The Eagles plan (external site) includes options for members to pledge to the club, receive credit to be used at a future date (default option) or cancel membership to obtain a refund minus $35 costs, but this would mean re-joining the waitlist to continue membership.
Options to pledge, take up "Forever Hero Membership" or donate are covered in the Dockers' plan (external site) for 2020 members.
If you are seeking a refund of your membership, contact the club directly. If you are unable to negotiate a suitable outcome, come to Consumer Protection for assistance.
You can read the AFL's announcement about the season resuming and the format it will take at AFL.com.au (external site).

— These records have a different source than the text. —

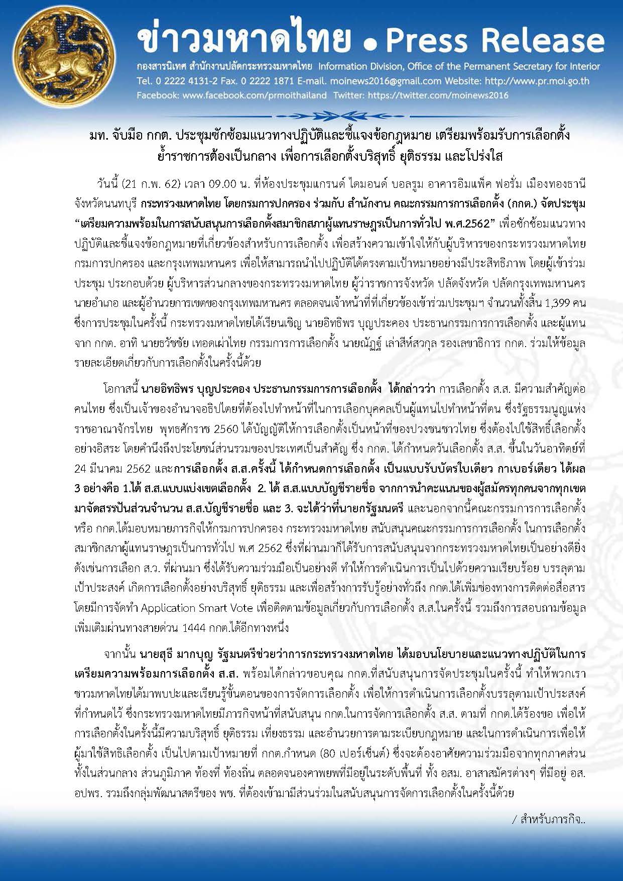 ข่าวมหาดไทย มท. จับมือ กกต. ประชุมซักซ้อมแนวทางปฏิบัติและชี้แจงข้อกฎหมาย เตรียมพร้อมรับการเลือกตั้ง ย้ำราชการต้องเป็นกลาง เพื่อการเลือกตั้งบริสุทธิ์ ยุติธรรม และโปร่งใส โดย กองสารนิเทศ สำนักงานปลัดกระทรวงมหาดไทย 21 กุมภาพันธ์ 2019 21 กุมภาพันธ์ 2019 4 ยอดวิว ก่อนหน้า กระทรวงมหาดไทยติวเข้มเจ้าหน้าที่ศูนย์ดำรงธรรม เน้นย้ำ “ต้องคิดแบบราชการ พัฒนางานบริการเพื่อเพิ่มความสุขให้ประชาชน” ถัดไป มท.2 เน้นย้ำ กปภ. มุ่งพัฒนาองค์ความรู้ด้านกิจการน้ำประปา เพื่อนำไปต่อยอดให้ อปท. ชี้ต้องยึดหลักธรรมาภิบาล ความรวดเร็ว ถูกต้อง เสมอภาค โปร่งใส ในการทำงาน บทความที่เกี่ยวข้อง “มหาดไทย” ยกระดับเพิ่มประสิทธิภาพการตร... 15 ธันวาคม 2025 “รมช.มท.ก้อย-ศศิธร” แถลงข่าวมหกรรมของข... 15 ธันวาคม 2025 “อรรษิษฐ์ สัมพันธรัตน์” ปลัด มท. ประกา... 15 ธันวาคม 2025 สมเด็จพระกนิษฐาธิราชเจ้า กรมสมเด็จพระเทพรัตนราชสุด... 15 ธันวาคม 2025 มท.4 “ศศิธร” ลงพื้นที่ จ.เชียงใหม่ เปิ... 14 ธันวาคม 2025 “รมช.มท.ศักดิ์ดา” แถลง “ปิดกองบัญชาการ ปภ.ชาติ ส่ว... 14 ธันวาคม 2025 ผู้บัญชาการกองอาสารักษาดินแดน ขอบคุณและชื่นชมความเ... 13 ธันวาคม 2025 “รมช.มหาดไทย ศศิธร” เป็นประธานประชุมรัฐมนตรีอาเซีย... 13 ธันวาคม 2025 คกก.นโยบายลดอุบัติเหตุทางถนนแห่งชาติ เห็นชอบขับเคล... 12 ธันวาคม 2025
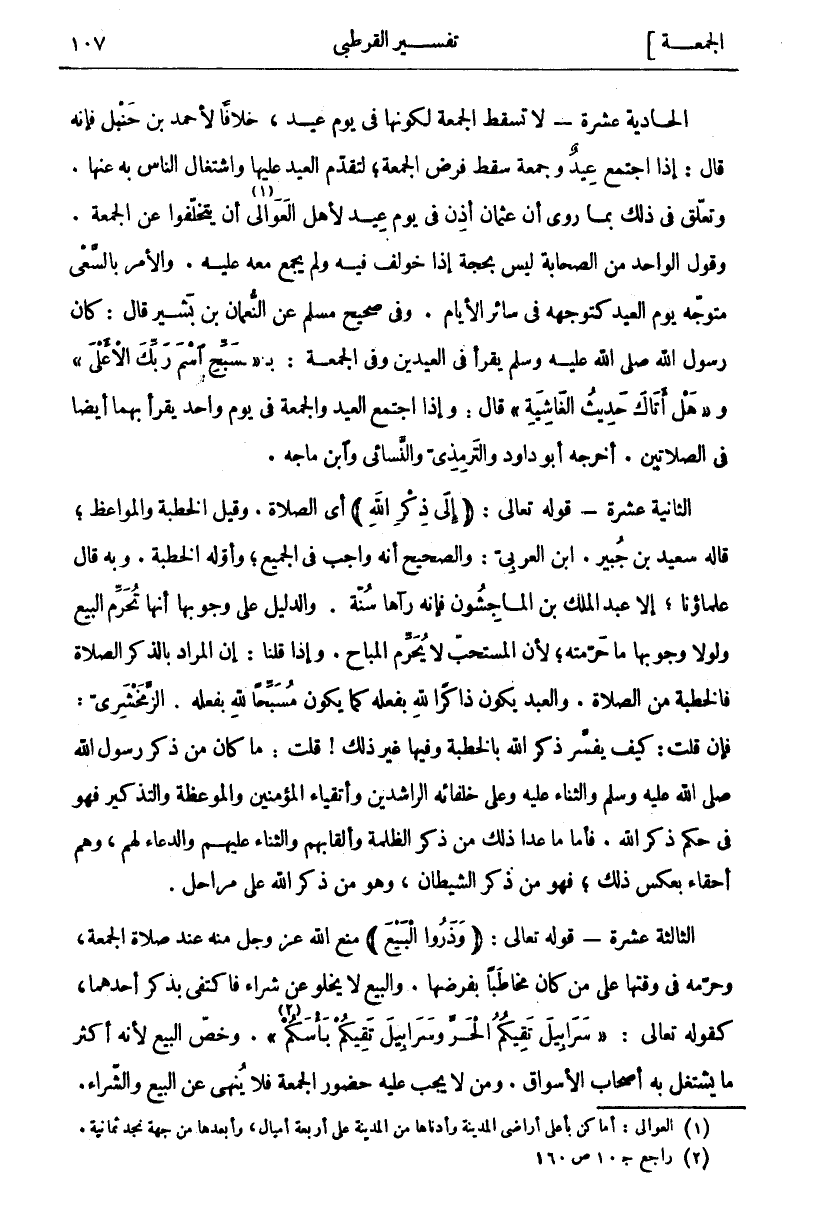 الْحَادِيَةَ عَشْرَةَ- لَا تَسْقُطُ الْجُمُعَةُ لِكَوْنِهَا فِي يَوْمِ عِيدٍ، خِلَافًا لِأَحْمَدَ بْنِ حَنْبَلٍ فَإِنَّهُ قَالَ: إِذَا اجْتَمَعَ عِيدٌ وَجُمُعَةٌ سَقَطَ فَرْضُ الْجُمُعَةِ، لِتَقَدُّمِ الْعِيدِ عَلَيْهَا وَاشْتِغَالِ النَّاسِ بِهِ عَنْهَا. وَتَعَلَّقَ فِي ذَلِكَ بِمَا رُوِيَ أَنَّ عُثْمَانَ أَذِنَ فِي يَوْمِ عِيدٍ لِأَهْلِ الْعَوَالِي «١» أَنْ يَتَخَلَّفُوا عَنِ الْجُمُعَةِ. وَقَوْلُ الْوَاحِدِ مِنَ الصَّحَابَةِ لَيْسَ بِحُجَّةٍ إِذَا خُولِفَ فِيهِ وَلَمْ يُجْمَعْ مَعَهُ عَلَيْهِ. وَالْأَمْرُ بِالسَّعْيِ مُتَوَجِّهٌ يَوْمَ الْعِيدِ كَتَوَجُّهِهِ فِي سَائِرِ الْأَيَّامِ. وَفِي صَحِيحِ مُسْلِمٍ عَنِ النُّعْمَانِ بْنِ بَشِيرٍ قَالَ: كَانَ رَسُولُ اللَّهِ صَلَّى اللَّهُ عَلَيْهِ وَسَلَّمَ يقرأ فِي الْعِيدَيْنِ وَفِي الْجُمُعَةِ: بِ سَبِّحِ اسْمَ رَبِّكَ الْأَعْلَى [الأعلى. ١] وهَلْ أَتاكَ حَدِيثُ الْغاشِيَةِ [الْغَاشِيَةِ: ١] قَالَ: وَإِذَا اجْتَمَعَ الْعِيدُ وَالْجُمُعَةُ فِي يَوْمٍ وَاحِدٍ يَقْرَأُ بِهِمَا أَيْضًا فِي الصَّلَاتَيْنِ. أَخْرَجَهُ أَبُو دَاوُدَ وَالتِّرْمِذِيُّ وَالنَّسَائِيُّ وَابْنُ مَاجَهْ. الثَّانِيَةَ عَشْرَةَ- قَوْلُهُ تَعَالَى: (إِلى ذِكْرِ اللَّهِ) أَيِ الصَّلَاةِ. وَقِيلَ الْخُطْبَةُ وَالْمَوَاعِظُ، قَالَهُ سَعِيدُ بْنُ جُبَيْرٍ. ابْنُ الْعَرَبِيِّ: وَالصَّحِيحُ أَنَّهُ وَاجِبٌ فِي الْجَمِيعِ، وَأَوَّلُهُ الْخُطْبَةُ. وَبِهِ قَالَ عُلَمَاؤُنَا، إِلَّا عَبْدَ الْمَلِكِ بْنَ الْمَاجِشُونِ فَإِنَّهُ رَآهَا سُنَّةً. وَالدَّلِيلُ عَلَى وُجُوبِهَا أَنَّهَا تُحَرِّمُ الْبَيْعَ وَلَوْلَا وُجُوبُهَا مَا حَرَّمَتْهُ، لِأَنَّ الْمُسْتَحَبَّ لَا يُحَرِّمُ الْمُبَاحَ. وَإِذَا قُلْنَا: إِنَّ الْمُرَادَ بِالذِّكْرِ الصَّلَاةُ فَالْخُطْبَةُ مِنَ الصَّلَاةِ. وَالْعَبْدُ يَكُونُ ذَاكِرًا لِلَّهِ بِفِعْلِهِ كَمَا يَكُونُ مُسَبِّحًا لِلَّهِ بِفِعْلِهِ. الزَّمَخْشَرِيُّ: فَإِنْ قُلْتَ: كَيْفَ يُفَسَّرُ ذِكْرُ اللَّهِ بِالْخُطْبَةِ وَفِيهَا غَيْرُ ذَلِكَ! قُلْتُ: مَا كَانَ مِنْ ذَكَرَ رَسُولُ اللَّهِ صَلَّى اللَّهُ عَلَيْهِ وَسَلَّمَ وَالثَّنَاءِ عَلَيْهِ وَعَلَى خُلَفَائِهِ الرَّاشِدِينَ وَأَتْقِيَاءِ الْمُؤْمِنِينَ وَالْمَوْعِظَةِ وَالتَّذْكِيرِ فَهُوَ فِي حُكْمِ ذِكْرِ اللَّهِ. فَأَمَّا مَا عَدَا ذَلِكَ مِنْ ذِكْرِ الظَّلَمَةِ وَأَلْقَابِهِمْ وَالثَّنَاءِ عَلَيْهِمْ وَالدُّعَاءِ لَهُمْ، وَهُمْ أَحِقَّاءُ بِعَكْسِ ذَلِكَ، فَهُوَ مِنْ ذِكْرِ الشَّيْطَانِ، وَهُوَ مِنْ ذِكْرِ اللَّهِ عَلَى مَرَاحِلَ. الثَّالِثَةَ عَشْرَةَ- قَوْلُهُ تَعَالَى: (وَذَرُوا الْبَيْعَ) مَنَعَ اللَّهُ عَزَّ وَجَلَّ مِنْهُ عِنْدَ صَلَاةِ الْجُمُعَةِ، وَحَرَّمَهُ فِي وَقْتِهَا عَلَى مَنْ كَانَ مُخَاطَبًا بِفَرْضِهَا. وَالْبَيْعُ لَا يَخْلُو عَنْ شِرَاءٍ فَاكْتَفَى بِذِكْرِ أَحَدِهِمَا، كَقَوْلِهِ تَعَالَى: سَرابِيلَ تَقِيكُمُ الْحَرَّ وَسَرابِيلَ تَقِيكُمْ بَأْسَكُمْ «٢» [النحل ٨١]. وَخَصَّ الْبَيْعَ لِأَنَّهُ أَكْثَرُ مَا يَشْتَغِلُ بِهِ أَصْحَابُ الْأَسْوَاقِ. وَمَنْ لَا يَجِبُ عَلَيْهِ حُضُورُ الجمعة فلا ينهى عن البيع والشراء.
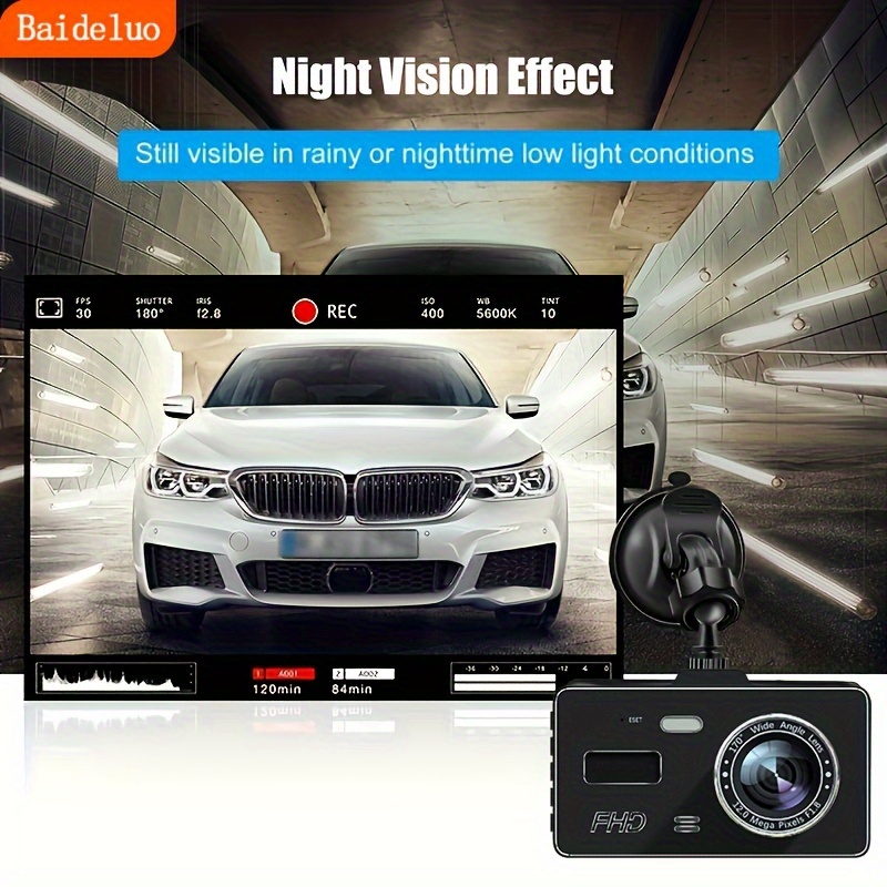 Ikki linzali avtomobil kamerası 720p kechqurun ko‘rish uchun, qayta zaryadlanuvchi, 12-24V o‘rnatish

Gym closures during COVID-19
Do I have to continue making regular payments if the gym is closed?
No, the gym should suspend or stop taking payments from your account.
The Australian Consumer Law prohibits businesses from taking payments for goods or services when there are reasonable grounds to believe the services won’t be supplied. This applies whether or not your contract allows you to suspend payments.
You may also want to get confirmation in writing that the gym will stop or suspend any further deductions until they can re-open.
What if the payments have already been deducted and the gym is now closed?
Contact the business and request for the payments to be refunded or for additional time to be added on to your contract to reflect the closure period.
If you are not happy with the remedy offered, come to Consumer Protection.
What if I have made an upfront payment that covers the gym closure period?
In ordinary circumstances, Australian Consumer Law prohibits businesses from taking payments when it is unable to supply a service, even when the contract specifies payments can’t be suspended. This means if payments have already been deducted you are within your rights to approach the business for a refund.
However, when a service has been suspended due to government restrictions (such as in this instance), your right to a full refund may be impacted. You should look at the terms and conditions of your contract and any cancellation policy announced by the business, and get in touch with them directly.
We’re aware that some gyms are providing alternative services. Consumers do not have to accept the offer of an alternative and can request a refund, credit note or voucher if they prefer.
If your gym is not offering alternatives, then you may wish to request a refund, credit note or voucher.
You may also have rights under contract law where the contract can no longer be performed.
Please remember these are unprecedented times for everybody which is why consumers need to be patient while waiting for the business to respond. It is highly likely your gym is dealing with many similar enquiries from other consumers.
My gym has re-opened but only partially. Do I have to pay?
This will depend on what your membership agreement says and how the gym is currently operating.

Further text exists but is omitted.